Regular users are unable to stop services and processes and disable antivirus software. They cannot make custom calls to the Restart Manager API, clear and disable Windows event logs, or delete shadow volume copies. For all these tasks, elevated access is a must.
In order to gain elevated access, ransomware perps attempt to increase their privileges on the target system without authorization, in what is known as privilege escalation.
With privilege escalation fueling lateral movement, ransomware actors can:
- Increase their reach throughout devices on the network, spreading from one user to another as they search for the main target (horizontal privilege escalation),
- Increase their privileges from regular user to administrator and domain admin as they go, in order to successfully unleash the tactics described above (vertical privilege escalation).
Gaining local or domain level access is the pot of gold for ransomware actors – it allows for the control of all systems, other users, and access rights within the environment.
Keeping Up with the Cybercrims
At the heart of these common ransomware tactics is privilege escalation, so it makes sense that Privileged Access Management (PAM) should be at the heart of a good defense system.
PAM incorporates two key principles to ensure the safety of the wider network from ransomware actors attempting privilege escalation:
- The Principle of Least Privilege (POLP) – users should have the least possible privileges required to do their job,
- Just-in-time Elevation (JIT) – users only gain elevated privileges when absolutely necessary.
In a computer environment that has a comprehensive PAM solution implemented, ransomware that manages to gain that initial foothold has nowhere to go and nothing to do.
Admin By Request is a PAM solution that both prevents initial infection, and thwarts any attempts at privilege escalation.
Implementing both POLP and JIT, Admin By Request revokes users’ admin rights while still allowing them to self-elevate when they need to.
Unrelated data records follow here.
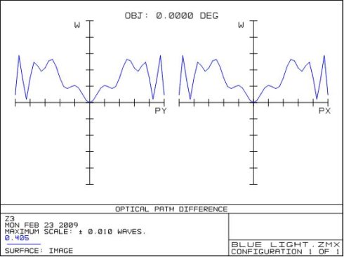 一、性能指標(biāo) 光學(xué)總長:4.07mm NA:0.8 入瞳直徑:4mm 結(jié)構(gòu):1G1P OPD:<0.01waves
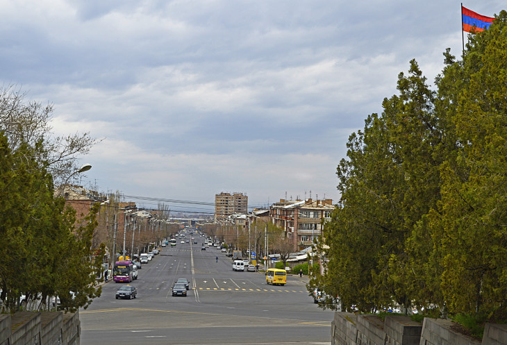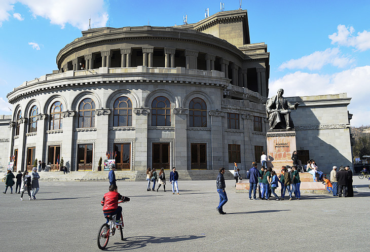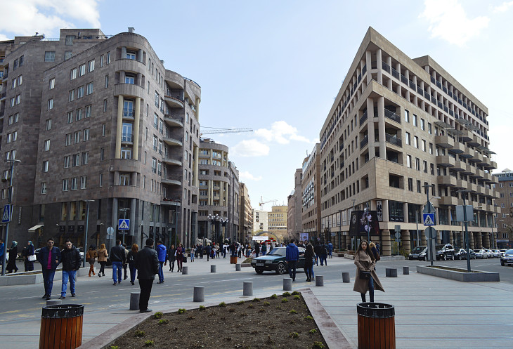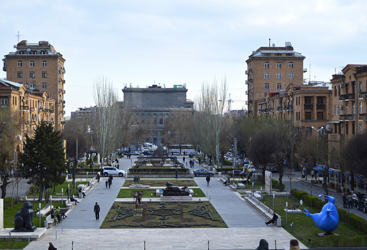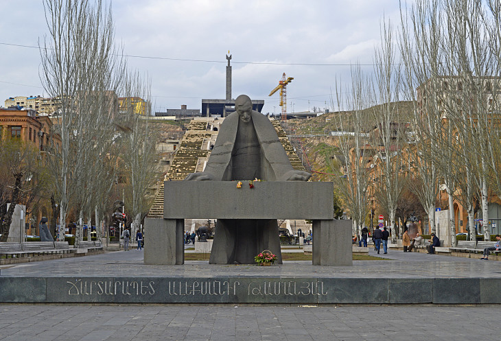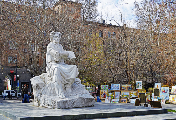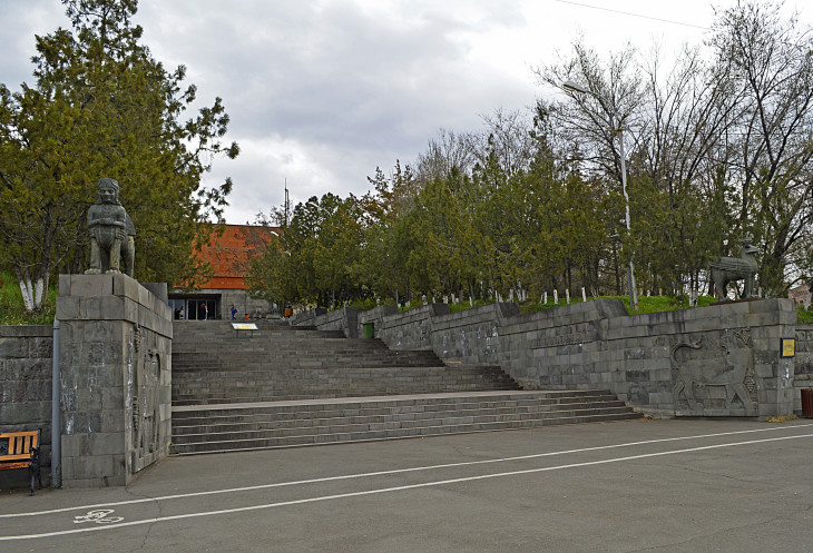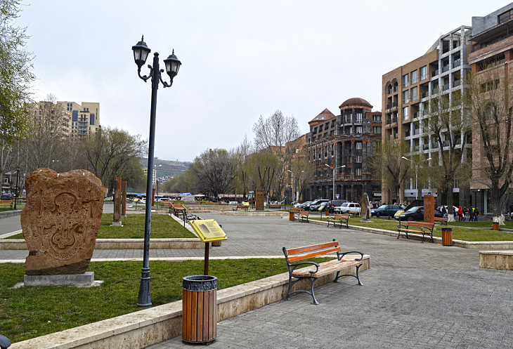 Все начинается с небольшого сквера,в начале которого стоит памятник А. Таманяну.Александр Таманян тот самый архитектор,который и перестроил этот город в советскую эпоху.
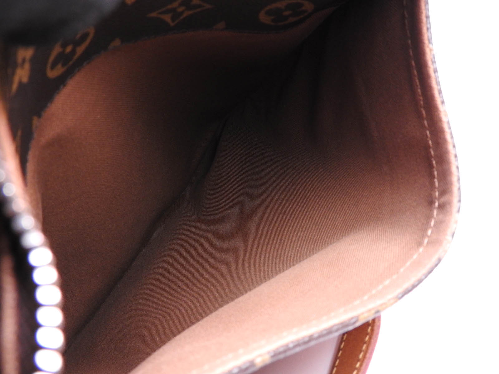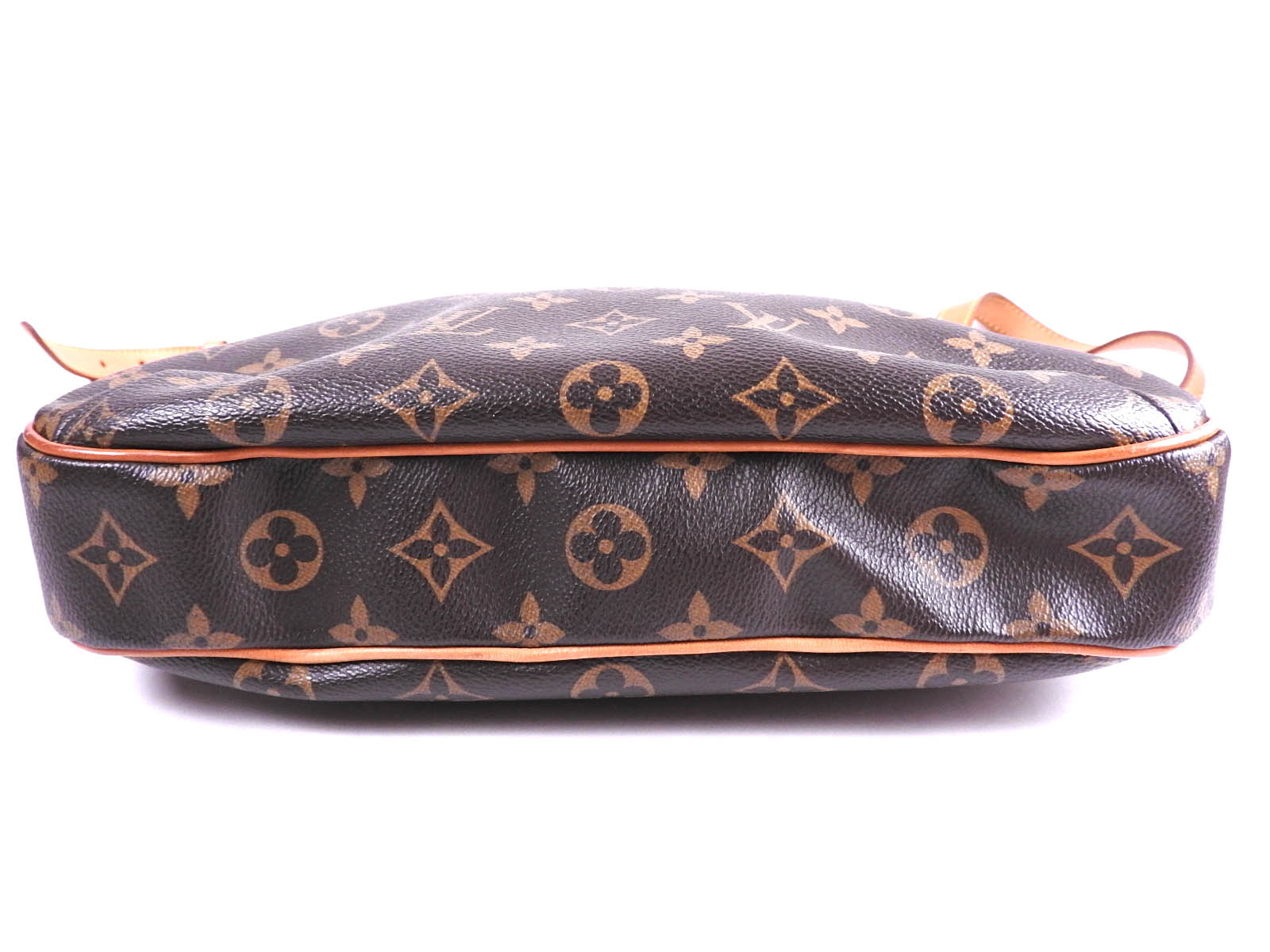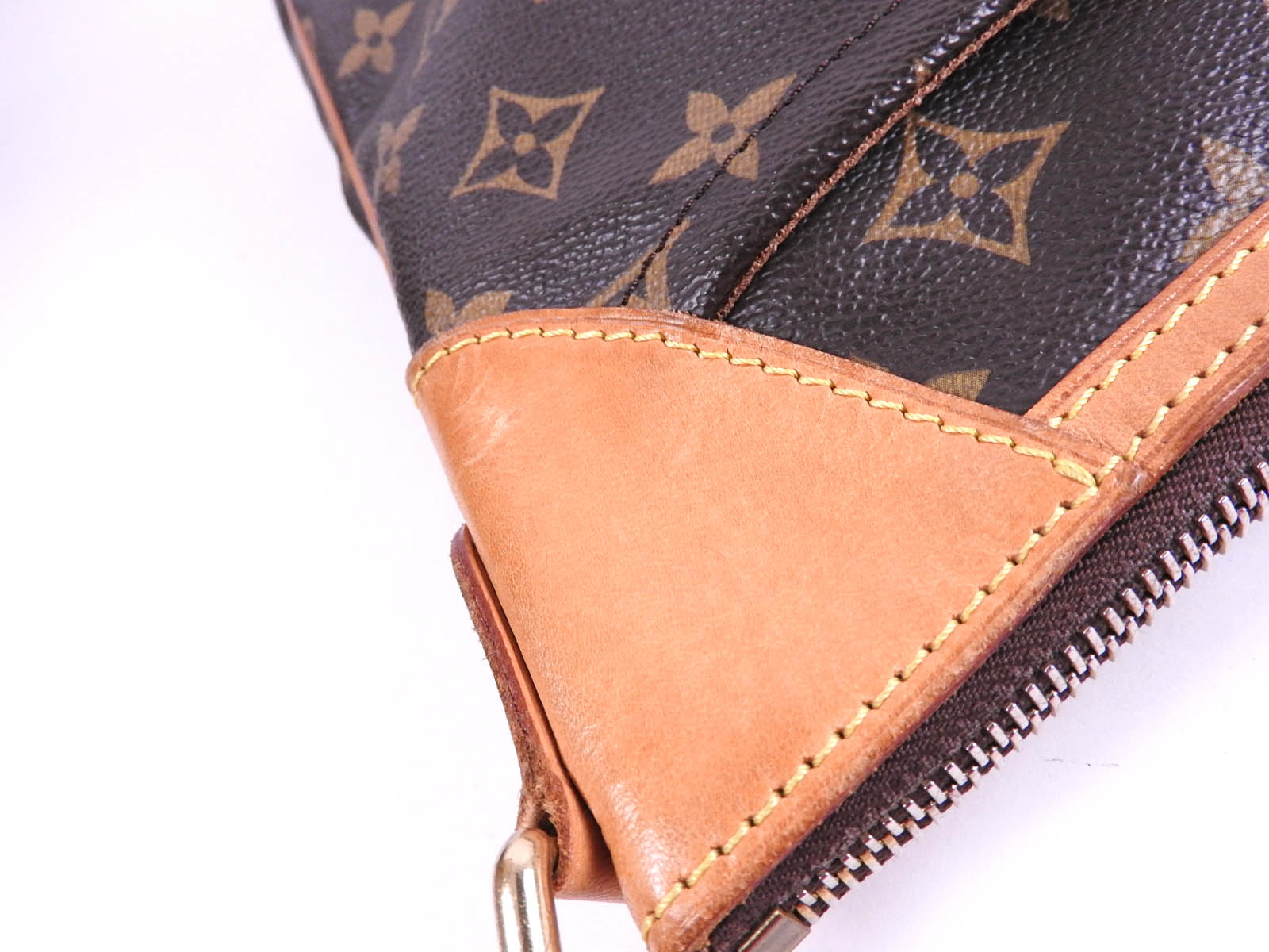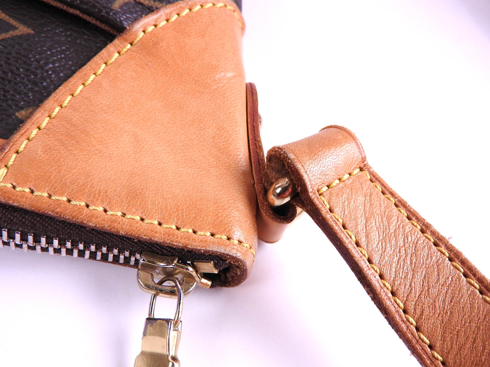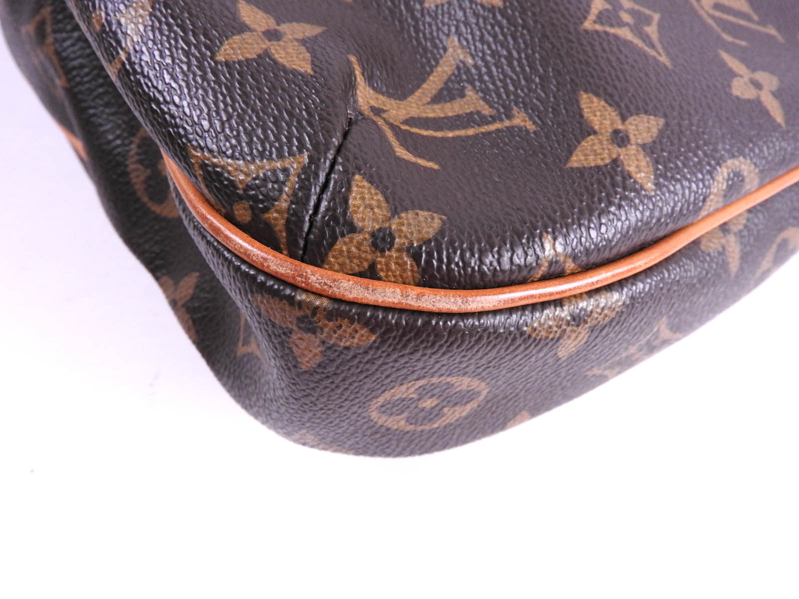 Monogram: Slightly used feeling. Slight stains and wrinkles. Leather: Used feeling. Some stains, wrinkles and tanning. |
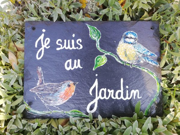 Ardoise épaisse (naturelle) peinte à la main, protégée par un vernis marin, pièce unique
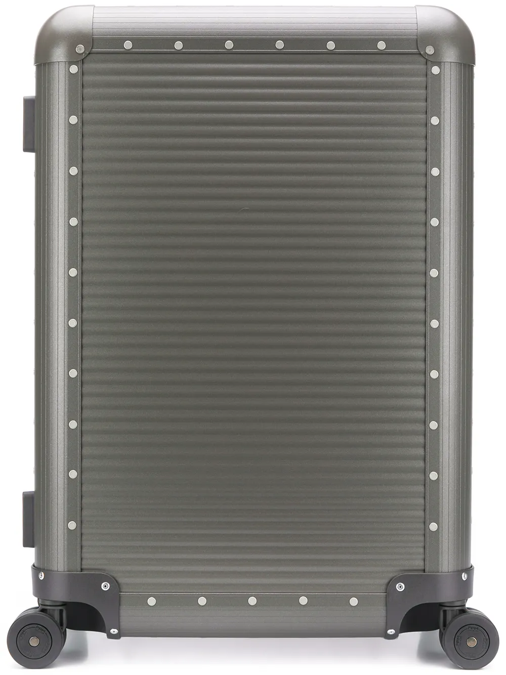 Maleta de viaje con apliques en piel de becerro de color gris de FPM – Fabbrica Pelletterie Milano con cierre con cremallera en el contorno, asa superior y ruedas en la base.
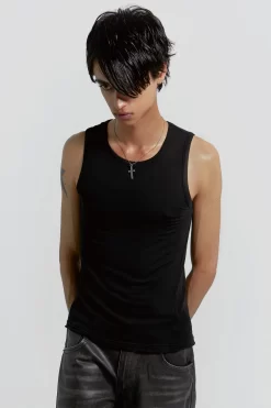 Our Black Mist Vest is constructed with sheer fabric for a soft hand feel in a black colourway. The sleeveless vest is cut in a slightly cropped fit with a twisted side steam detail.
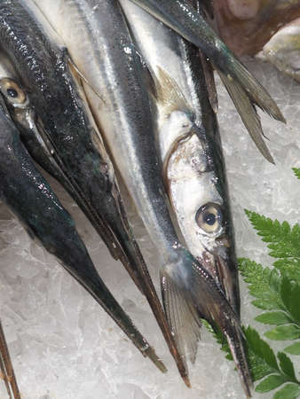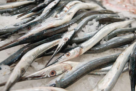Chilled needlefishes on ice at hypermarket freezer
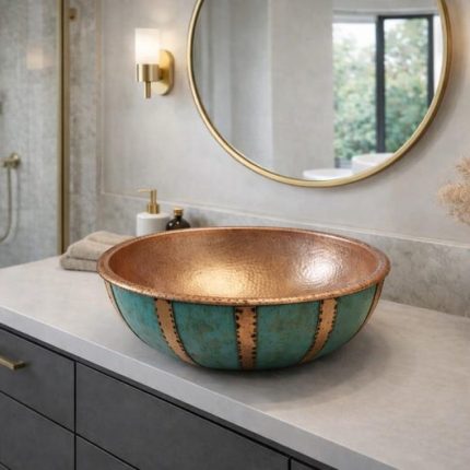 Gehamerde Koperen Ronde Opbouw Wasbak – Antiek Gouden Afwerking
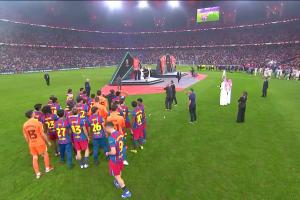 有點懵!冠軍巴薩上臺領獎時無人列隊,巴薩球員齊齊望向皇馬球員
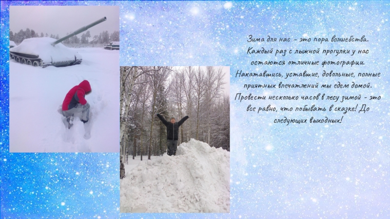 Слайд 14Зима для нас – это пора волшебства. Каждый раз с лыжной
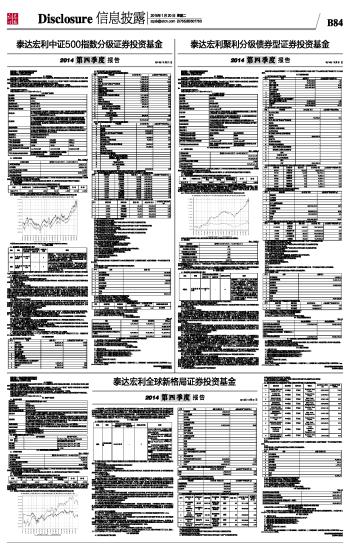 泰达宏利聚利分级债券型证券投资基金2014第四季度报告 2015-01-20 来源:证券时报网 作者:
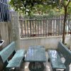 Bàn và ghế làm từ đá mài tự nhiên, bao gồm 1 bàn tròn và 4 ghế 2 mặt
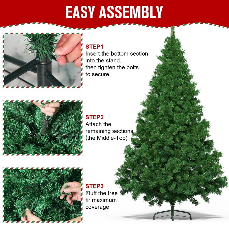 - EASY ASSEMBLY: With only three steps, simply connect the base to the largest section of the tree before attaching the remaining sections and fluffing the branches and achieve the best effect.
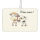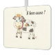 A custom car air freshener in the shape of a heart . It has the illustation of a white and black Swiss cow and the words "I love cows !" are written in black letters above it . Remember to choose your favorite smell :) © ArianeC Illustrations
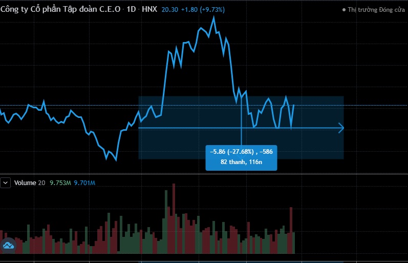 Cổ phiếu CEO đã tạo 3 đáy theo mô hình "W" ngay trong tháng 10. Theo biểu đồ kỹ thuật, đáy 1 được hình thành ngày 6/10, sau tuần tăng ngắn hạn rồi lại giảm và tạo đáy 2 vào ngày 19/10. Cổ phiếu CEO tiếp tục có diễn biến giá "như sách" khi tăng liên tiếp 3 phiên. Đến phiên thứ 4 áp lực chốt lời tăng cao, cổ phiếu CEO lại giảm giá.

Day-to-day functions can continue smoothly, in a safe and controlled environment.
Privileged activity that occurs during a self-initiated admin session is logged in the Admin By Request Auditlog, monitored by your IT admins via the software’s user portal. This means any ransomware actors’ attempts at vertical privilege escalation will be flagged and investigated from the get-go.
That is, assuming the malware can gain initial access in the first place. To do so, it first has to get past the 35+ anti-malware engines that form OPSWAT’s MetaDefender Cloud – integrated with the Admin By Request solution.
Good guys: 1; ransomware: 0.
It’s no secret that the advanced tactics employed by recent ransomware gangs are a very real threat; but recognizing and understanding what these tactics are is the best way to form a defense.
The frontline of that defense should be a comprehensive PAM solution – so you can prevent ransomware attacks before they even begin.